In Baisakh 1st Biska Jatra 7 palanquins are gathered together in temple premises. But one palanquin (Bishwo Binayak) will not cross the Dhwakha (traditional gate to enter the city) of temple premises and stops near the Dhwakha and other all palanquins will take to temple and round the Siddhikali temple. On the left side of Siddhikali temple there is a Lhon hiti (stone tap) which still has a supernatural power. It is believed that, the stone tap has Gholi Naag and the Aasan (throne) of Bishwo Binayak has also Gholi Naag. Both Gholi Naag should not meet each other so the palanquin of Bishwo Binayak stops near to Dhwakha and will not cross that Dhwakha.

There are numbers of Guthi related to Siddhikali Jatra from ancient period. Each Guthi has their own responsibility during the jatra period. Siddhikali Dyo Guthi, Siddhikali Moo Dhime Guthi, Siddhikali Dhime Guthi, Chhatra Guthi, Nol Guthi, Sinha Guthi, Falcha Guthi, Dalbu Guthi, Siddhikali Basuri Khala are the some guthis related to Siddhikali Jatra.

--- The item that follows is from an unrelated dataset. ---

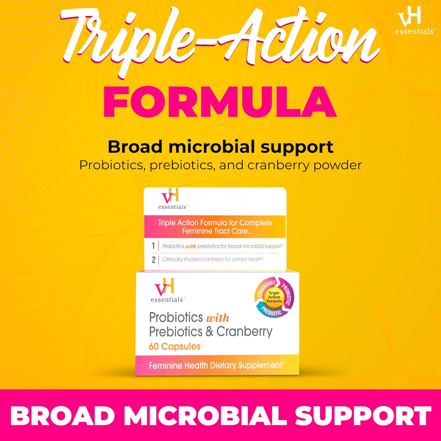 About this item Essential ingredients for complete feminine care: This triple-action supplement combines prebiotics and probiotics, cranberry powder and vitamin c to support vaginal health, urinary tract health, and gut health for women* Science-backed prebiotics and probiotics for women: Help restore and maintain vaginal flora with powerful vaginal pre and probiotics that deliver broad microbial support, promoting pH balance, comfort and harmony throughout the feminine tract* Clinically proven cranberry extract: Unlike basic cranberry pills, our cranberry supplement features PACRAN, a clinically proven natural cranberry extract shown to support urinary tract cleansing – plus added vitamin c for enhanced protection* Simple daily routine: Swap the handfuls of individual supplements for the all-in-one formula packed with essential ingredients shown to support vaginal health, gut health and urinary tract health for women – just take 2 capsules per day No-nonsense supplements for women: At vH Essentials, we blend science and nature to create accessible, yet effective feminine health products—from menstruation to menopause—crafted with input from women’s health experts › See more product details,Essential ingredients for complete feminine care: This triple-action supplement combines prebiotics and probiotics, cranberry powder and vitamin c to support vaginal health, urinary tract health, and gut health for women,Science-backed prebiotics and probiotics for women: Help restore and maintain vaginal flora with powerful vaginal pre and probiotics that deliver broad microbial support, promoting pH balance, comfort and harmony throughout the feminine tract,Clinically proven cranberry extract: Unlike basic cranberry pills, our cranberry supplement features PACRAN, a clinically proven natural cranberry extract shown to support urinary tract cleansing – plus added vitamin c for enhanced protection,Simple daily routine: Swap the handfuls of individual supplements for the all-in-one formula packed with essential ingredients shown to support vaginal health, gut health and urinary tract health for women – just take 2 capsules per day,No-nonsense supplements for women: At vH Essentials, we blend science and nature to create accessible, yet effective feminine health products—from menstruation to menopause—crafted with input from women’s health experts

Moo Dhime is a special Dhime in whole Thimi city. It is played with one Dhime only where other Dhime are played in groups with numbers of Dhime. A single Dhime with more Bhusya, Chwamo (Chamar) and Pankha in Biska jatra is the one of main attraction of Biska Jatra (Bisket Jatra). This Dhime is played outside only two days (Baisakh 1 and 2nd) in a year. Rest of days it is kept on hanging in Moo Dhime Chhen. Only after the arrival of Moo Dhime in jatra, the palanquin of Siddhikali is carried out. So that it has a major role during Biska jatra. This Dhime is called the symbol of Naag. The beats of this Dhime is totallay different and unique from other common Dhime beats. The Moo Dhime beats are not allowed to play by other common Dhime in jatras and in any occasions. Moo Dhime Guthi is formed to protect and play the Dhime in Biska Jatra.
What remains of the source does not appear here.